Today, Arm is launching its latest generation big core, the Cortex-A720, replacing the Cortex-A715 which was launched last year. Codenamed Hunter, the Cortex-A720 continues Arm yearly cadence of new big cores with improved performance an energy efficiency.
This article is part of a series of articles from Arm’s Client Tech Day:
- Arm Launches Next-Gen Efficiency Core; Cortex-A520
- Arm Introduces A New Big Core, The Cortex-A720
- Arm Introduces The Cortex-X4, Its Newest Flagship Performance Core
The Cortex-A720 is the company’s most versatile performance core, serving as the big core in a typical DSU configuration and often coupled with the Cortex-A500-series little cores. Compared to the A715, Arm says the new core offers as much as 20% improvement in power effiency.
Arm’s yearly cadence means chip architects have to limit the scope of improvements for any given generation to meat timelines. Some years, Arm focuses on larger pipeline improvements such as the decode, pipeline width and length while other years, the focus on more energy efficiency and area improvement changes. The Cortex-A720 now supports the Armv9.2 ISA and features 32/64 KiB L1s and 128-512 KiB private L2. Whereas last generation – the Cortex-A715 – saw various large pipeline changes such as larger decode thanks to Arm dropping 32-bit arch support, the new Cortex-A720 primarily focused on power efficiencies without making any major changes in terms of depths and widths.
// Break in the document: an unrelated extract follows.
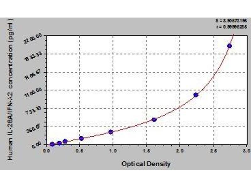 - This assay employs the quantitative sandwich enzyme immunoassay technique. Antibody specific for IL-28A/IFN-lambda2 has been pre-coated onto a microplate. Standards and samples are pipetted into the wells and any IL-28A/IFN-lambda2 present is bound by the immobilized antibody. After removing any unbound substances, a biotin-conjugated antibody specific for IL-28A/IFN-lambda2 is added to the wells. After washing, avidin conjugated Horseradish Peroxidase (HRP) is added to the wells. Following a wash to remove any unbound avidin-enzyme reagent, a substrate solution is added to the wells and color develops in proportion to the amount of IL-28A/IFN-lambda2 bound in the initial step. The color development is stopped and the intensity of the color is measured.
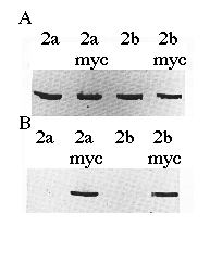 Epitope tags have been added to a variety of proteins in order to answer questions about topology and function. The human c-myc epitope has been used frequently for this purpose (Peculis and Gall, 1992; Ellison and Hochstrasser, 1991; reviewed in Kolodziej and Young (1991)). The caveat with epitope tagging of proteins is that the added epitope might disrupt native topology. If the topology were aberrant, then the misfolded protein would probably accumulate in the ER. For a protein which normally leaves the ER, subcellular localization of the tagged protein in the ER would reveal the misfolding. However, SERCA2 is an ER resident protein, so another assay was necessary to examine whether or not the added epitope disrupted the topology of SERCA2a-myc and SERCA2b-myc .

Arm made various enhancements to the front-end of the A720. The first one is the reduction in mispredict penalty. Here Arm says it has shaved a whole cycle – down from 12 on the Cortex-A715 which was said to provide significant real-world application benefits. The second improvement deals with predictions. Arm spent quite a bit of time improving the Cortex-A7xx series branch predictions over the past few generations. Starting with the Cortex-A710, the big core was capable of predicting two unconditional branches per cycle. Last generation, designers enhanced that to fully support support conditional branches as well. Here, in the Cortex-A720, Arm improved the 2-taken branch prediction further. Arm says that structural optimizations were made in order to improve efficiency while also simultaneously substantially reducing the power without impacting performance.
On the back-end of the Cortex-A720, Arm says it piplined the FDIV/FSQRT unit. The end product is no meaningful area impact while providing substantial performance improvement. Data transfers between the FP/Vector unit to the integer units have also been optimized, reducing latency. Transfer speeds between the vector and the general-purpose register files were equally optimized. The Cortex-A720 also improved store data latencies with earlier availability.
On the memory size, the Cortex-A720 reduced the L2 cache hit latency to 9 cycles, down from 10 in the Cortex-A715. Prefetchers are a continuing improvement path for Arm. In the Cortex-A720, Arm said it has added a new L2 spatial-prefetch engine. Overall, Arm said it made generational accuracy/coverage improvements to existing prefetchers.
One interesting change that came with the new Cortex-A720 is a dual configuration. The Cortex-A720 comes in an area-optimize configuration as well as the full configuration. Under the area-optimized configuration, the Cortex-A720 offers no area cost compared to the Cortex-A78 while offering a ten percent improvement. Under the full configuration, the Cortex-A720 offers up to 20% improvement in energy efficiency over the Cortex-A715, albeit at higher area cost.